This lesson focuses on the remarkable physiology that keeps babies safe during birth by preventing premature breathing in the womb. Barbara Harper introduces the three natural fetal breathing inhibitors—decreased fetal breathing movements, high pulmonary vascular resistance, and mild hypoxia—and explains how each plays a protective role throughout labor and delivery.
We begin by examining fetal breathing movements (FBM), which are essential for lung development but gradually slow and then stop by 4 cm dilation. This pause, driven by rising levels of prostaglandin E2, helps conserve oxygen as labor intensifies.
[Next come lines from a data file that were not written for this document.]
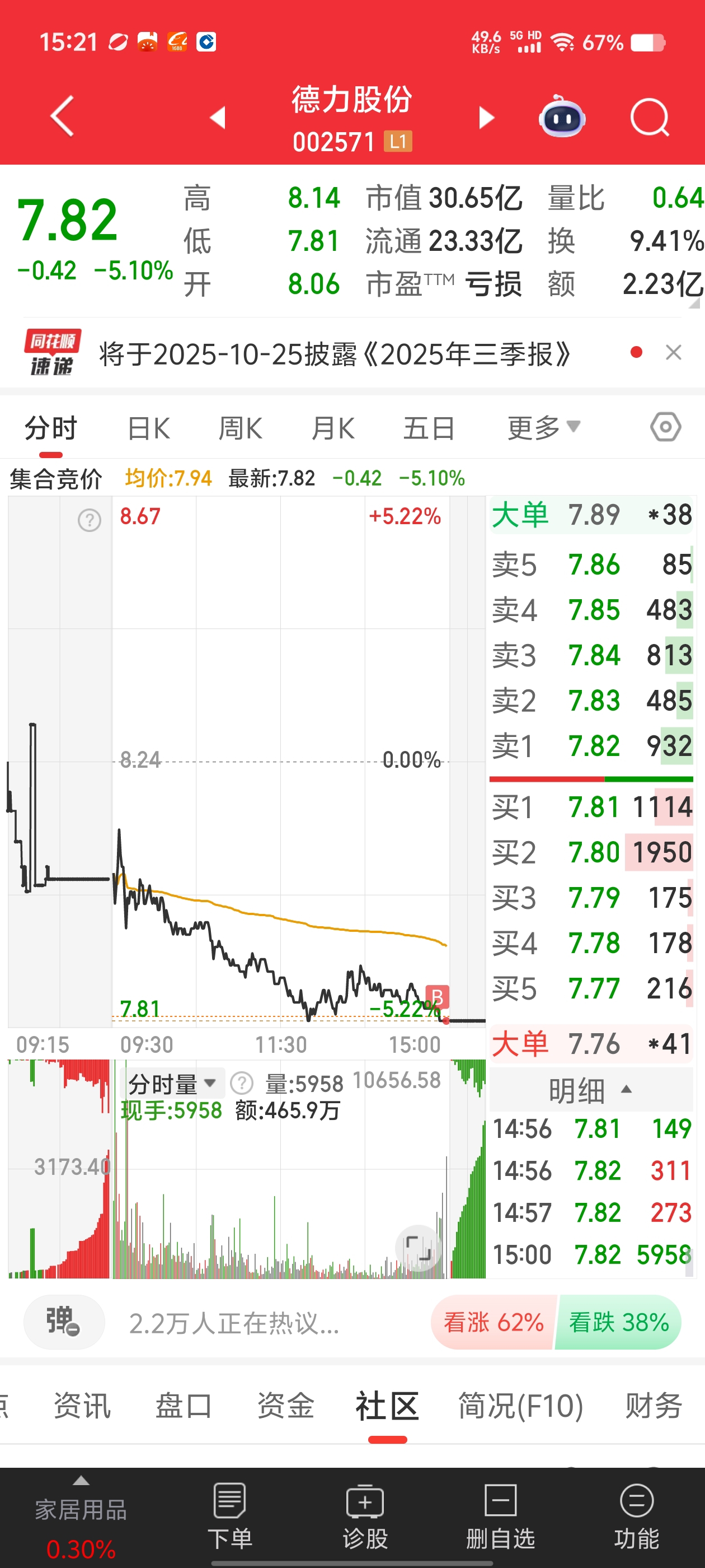 $德力股份(SZ002571)$ 还真成交了,挂了10个,没想到收盘真成交了,明天能红着出来嘛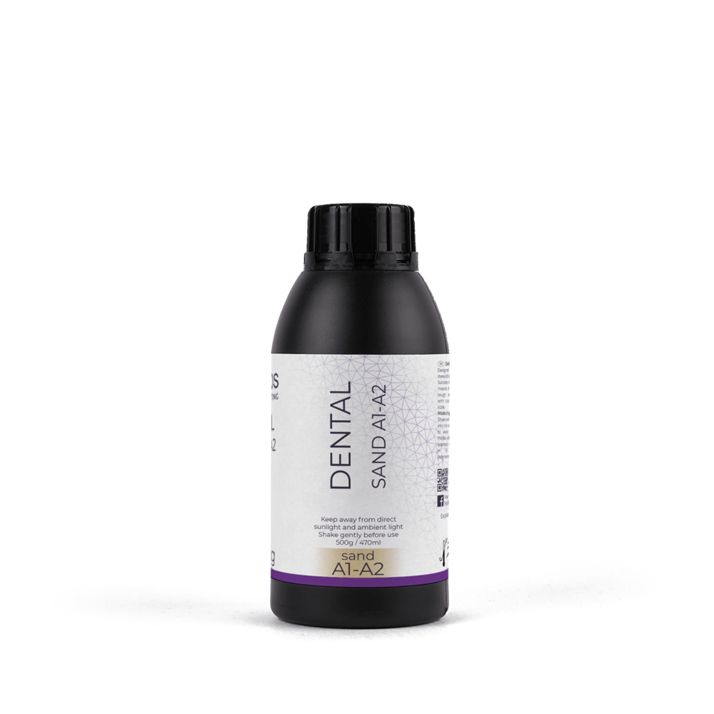 Фотополимер не имеет запаха, после дозасветки имеет цвет А1-А2 по шкале Вита. Фотополимер Dental Sand A1-A2 представляет собой композитную смолу с керамическим микро-наполнением типа PMMA, изготовленную из биосовместимого сырья, цвет которой находится в диапазоне A1-A2 по шкале Vita. Он обладает высокой твердостью 90 по Шору D и высокой прочностью на растяжение, устойчив к механическим и химическим воздействиям. Рекомендуется для печати временных коронок и мостов. Слабый запах и отсутствие вредных мономеров позволяет печатать в лаборатории.
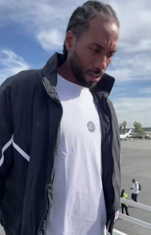 目前快船众将已经乘坐飞机飞往丹佛,他们将挑战卫冕冠军掘金,小卡面无表情,哈登提着大包小包,登机时表情严肃;威少身穿白色T恤,一路小跑着登上飞机,而且面带微笑,整个人的心情很放松。

The lesson then explores the unique circulatory system of the fetus, where pulmonary resistance remains high until after birth. Only once the lungs are perfused with oxygenated blood—while the umbilical cord is still attached—can true respiration begin.
Through real-world data, Barbara explains how mild hypoxia is not only expected but necessary in the moments after birth. This temporary low oxygen state activates vital reflexes, including the first instinct to swallow before breathing begins. We also explore the dive reflex, a powerful safety mechanism triggered by chemoreceptors in the larynx that protects newborns from aspirating fluid.
Supported by current research and clinical insight, this lesson provides a deeper understanding of fetal adaptation and the critical transition from womb to world. Providers gain the tools to educate families and advocate for evidence-based practices—like delayed cord clamping—that honor the body’s innate wisdom and enhance neonatal safety during waterbirth.